* _Problem to work on_
What is needed is an exact transcription of every record, minus the pictures.
Available data Start Marker
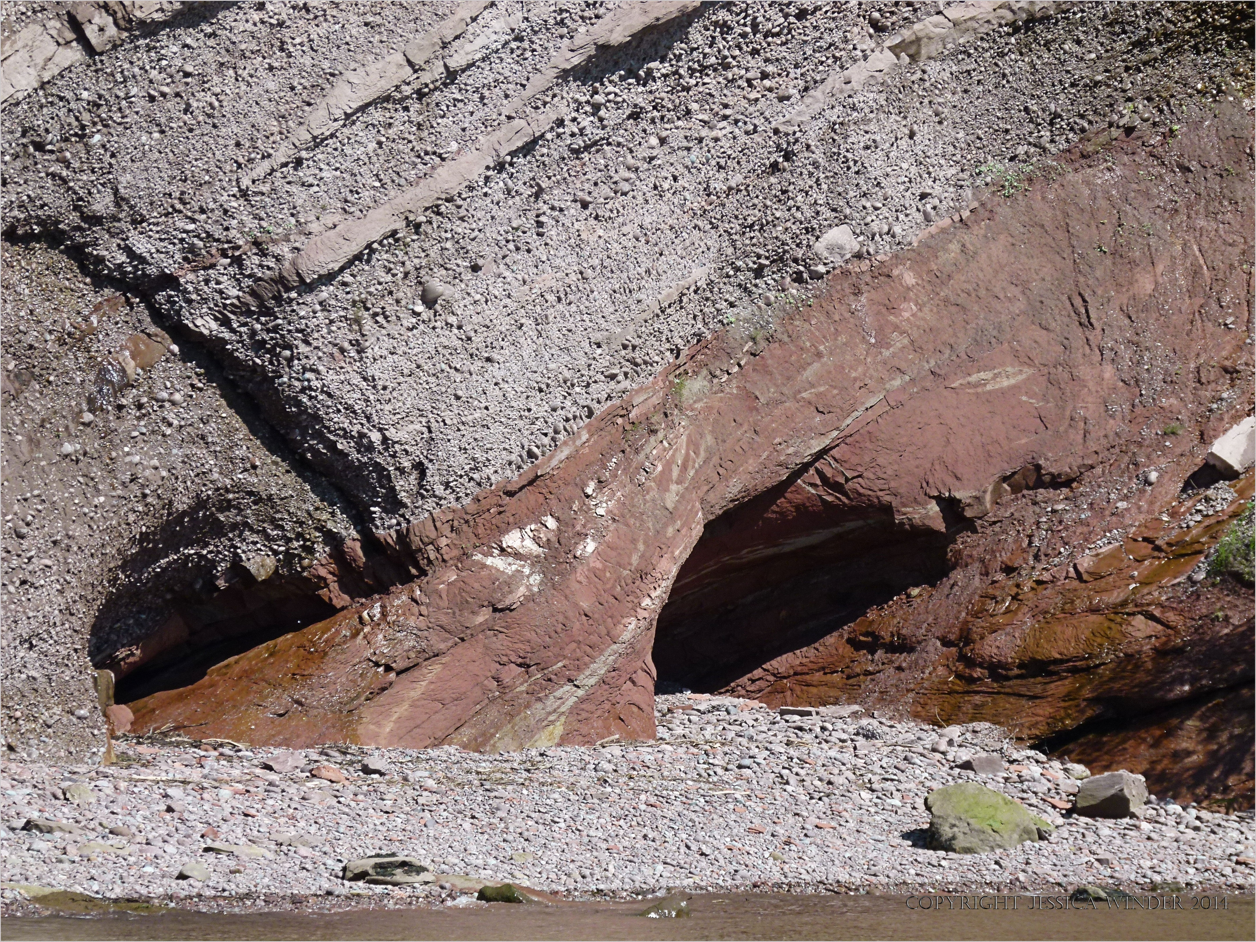 St Martins Rocks 7 – View across the beach to Triassic Period rocks in cliffs with sea caves at St Martins, New Brunswick, on the coast of the Bay of Fundy in Canada, showing the junction between the Quaco Formation conglomerate on the left and the Honeycomb Point Formation red sandstones on the right.
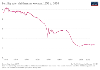 In 2023, the average total fertility rate (TFR) across Spain was 1.12 children born per woman, one of the lowest in the world.[10] However, despite the very low birth rate, which caused a marginal demographic decline in the mid-2010's, the negative natural change was compensated by a high immigration rate, which increased the population on its own since 2017.
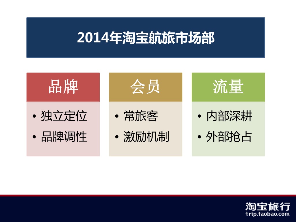 我们的优势 • 阿里系强大的地位和运作能力 • 淘宝旅行多年的积累 • 阿里妈妈深厚的市场基础 • 兄弟单位无限的支持(高德、穷游、快的、CNZZ…………) • 团队 • 当然,还有你们!
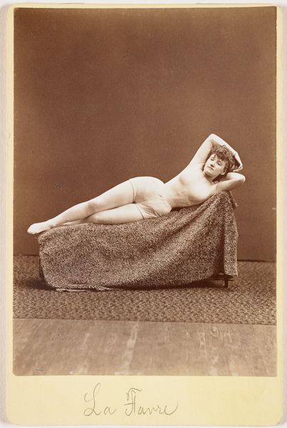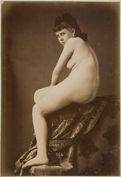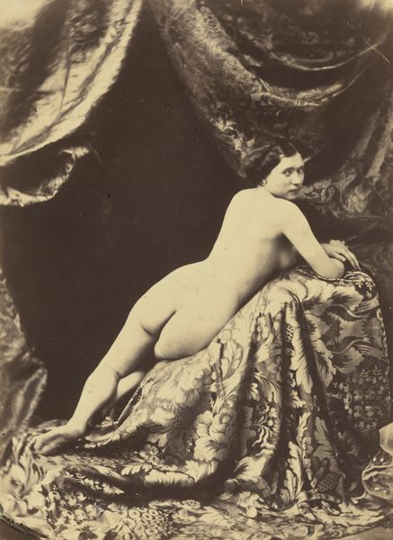 Curator: Allow me to introduce Oscar Gustav Rejlander's "Ariadne," created in 1857. It's an albumen print currently housed here at the Metropolitan Museum of Art. Editor: My first thought is loneliness. There's a palpable vulnerability in her pose, turning away, as if from a world she no longer wants to face. And that soft, almost hazy quality... like a memory fading at the edges. Curator: It's fascinating how Rejlander blended the emerging art of photography with classical themes. The title "Ariadne" references the mythological figure abandoned by Theseus, which adds another layer of interpretation. Think about the socio-historical implications of such representation back in 1857, especially concerning the construction of the female body! The darkroom process was surely laborious. Editor: Absolutely, the darkroom labor adds to my reading of isolation. Each print, crafted meticulously, carrying the weight of the sitter's supposed shame. It also speaks to the limited consumption and production possibilities of art back then— the materiality, so scarce and revered. Curator: Speaking of materiality, consider the use of albumen, derived from egg whites, to create the photographic emulsion. Isn't it striking that such delicate imagery emerges from a rather mundane material? I love that connection of body and home. I mean, the curve of the neck is simply gorgeous. Editor: That leads me to wonder: Who was this woman, really? Rejlander has clothed her with symbolism, but, what about her? Do you think this process and the reference to egg whites renders the female model's lived labor—the time spent posing—somehow obsolete? What about its economy, even back then? Curator: That’s a compelling question. There is such a deep sense of intimacy, perhaps a staged intimacy. You almost forget the clinical photographic process as if one were sneaking into a boudoir! It speaks volumes about Rejlander's ability to manipulate the viewer's gaze. That fabric could signify decadence and wealth! Editor: Exactly! Now I’m even more convinced of the constructed drama here. The whole work is caught between supposed ‘natural’ depiction and material and symbolic construction, a contradiction for any reading. Curator: Well, pondering those tensions certainly gives the image added resonance today. Thank you for shedding light on "Ariadne"! Editor: Thank you; my pleasure.
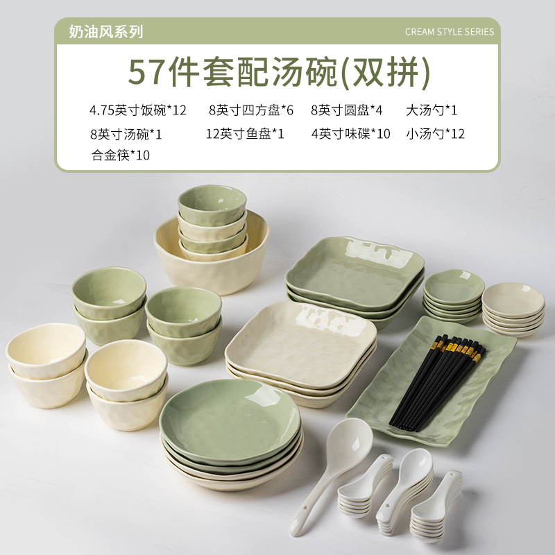 57-Piece Set with Soup Bowl [Custard Creamy Green Pairs]]
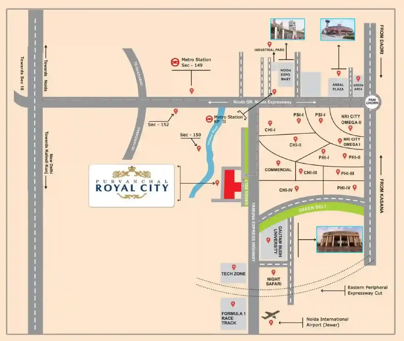 - Purvanchal Royal City is located near Delhi, Noida and Ghaziabad, which makes it easy to travel to these big areas. This is really helpful for commuting and getting around more easily.
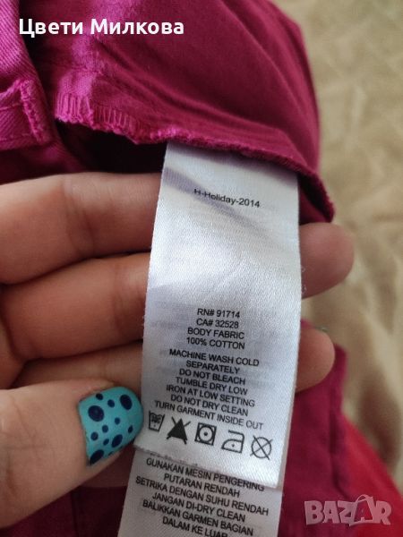 Панталоните са в отлично състояние. Цвета им е бордо (най-близко до реалния цвят се доближава последната снимка, с етикета). Има подробни размери на снимките.
Available data End Marker
* _Output of the task_
 St Martins Rocks 7 – View across the beach to Triassic Period rocks in cliffs with sea caves at St Martins, New Brunswick, on the coast of the Bay of Fundy in Canada, showing the junction between the Quaco Formation conglomerate on the left and the Honeycomb Point Formation red sandstones on the right.
 In 2023, the average total fertility rate (TFR) across Spain was 1.12 children born per woman, one of the lowest in the world.[10] However, despite the very low birth rate, which caused a marginal demographic decline in the mid-2010's, the negative natural change was compensated by a high immigration rate, which increased the population on its own since 2017.
 我们的优势 • 阿里系强大的地位和运作能力 • 淘宝旅行多年的积累 • 阿里妈妈深厚的市场基础 • 兄弟单位无限的支持(高德、穷游、快的、CNZZ…………) • 团队 • 当然,还有你们!
 Curator: Allow me to introduce Oscar Gustav Rejlander's "Ariadne," created in 1857. It's an albumen print currently housed here at the Metropolitan Museum of Art. Editor: My first thought is loneliness. There's a palpable vulnerability in her pose, turning away, as if from a world she no longer wants to face. And that soft, almost hazy quality... like a memory fading at the edges. Curator: It's fascinating how Rejlander blended the emerging art of photography with classical themes. The title "Ariadne" references the mythological figure abandoned by Theseus, which adds another layer of interpretation. Think about the socio-historical implications of such representation back in 1857, especially concerning the construction of the female body! The darkroom process was surely laborious. Editor: Absolutely, the darkroom labor adds to my reading of isolation. Each print, crafted meticulously, carrying the weight of the sitter's supposed shame. It also speaks to the limited consumption and production possibilities of art back then— the materiality, so scarce and revered. Curator: Speaking of materiality, consider the use of albumen, derived from egg whites, to create the photographic emulsion. Isn't it striking that such delicate imagery emerges from a rather mundane material? I love that connection of body and home. I mean, the curve of the neck is simply gorgeous. Editor: That leads me to wonder: Who was this woman, really? Rejlander has clothed her with symbolism, but, what about her? Do you think this process and the reference to egg whites renders the female model's lived labor—the time spent posing—somehow obsolete? What about its economy, even back then? Curator: That’s a compelling question. There is such a deep sense of intimacy, perhaps a staged intimacy. You almost forget the clinical photographic process as if one were sneaking into a boudoir! It speaks volumes about Rejlander's ability to manipulate the viewer's gaze. That fabric could signify decadence and wealth! Editor: Exactly! Now I’m even more convinced of the constructed drama here. The whole work is caught between supposed ‘natural’ depiction and material and symbolic construction, a contradiction for any reading. Curator: Well, pondering those tensions certainly gives the image added resonance today. Thank you for shedding light on "Ariadne"! Editor: Thank you; my pleasure.
 57-Piece Set with Soup Bowl [Custard Creamy Green Pairs]]
 - Purvanchal Royal City is located near Delhi, Noida and Ghaziabad, which makes it easy to travel to these big areas. This is really helpful for commuting and getting around more easily.
 Панталоните са в отлично състояние. Цвета им е бордо (най-близко до реалния цвят се доближава последната снимка, с етикета). Има подробни размери на снимките.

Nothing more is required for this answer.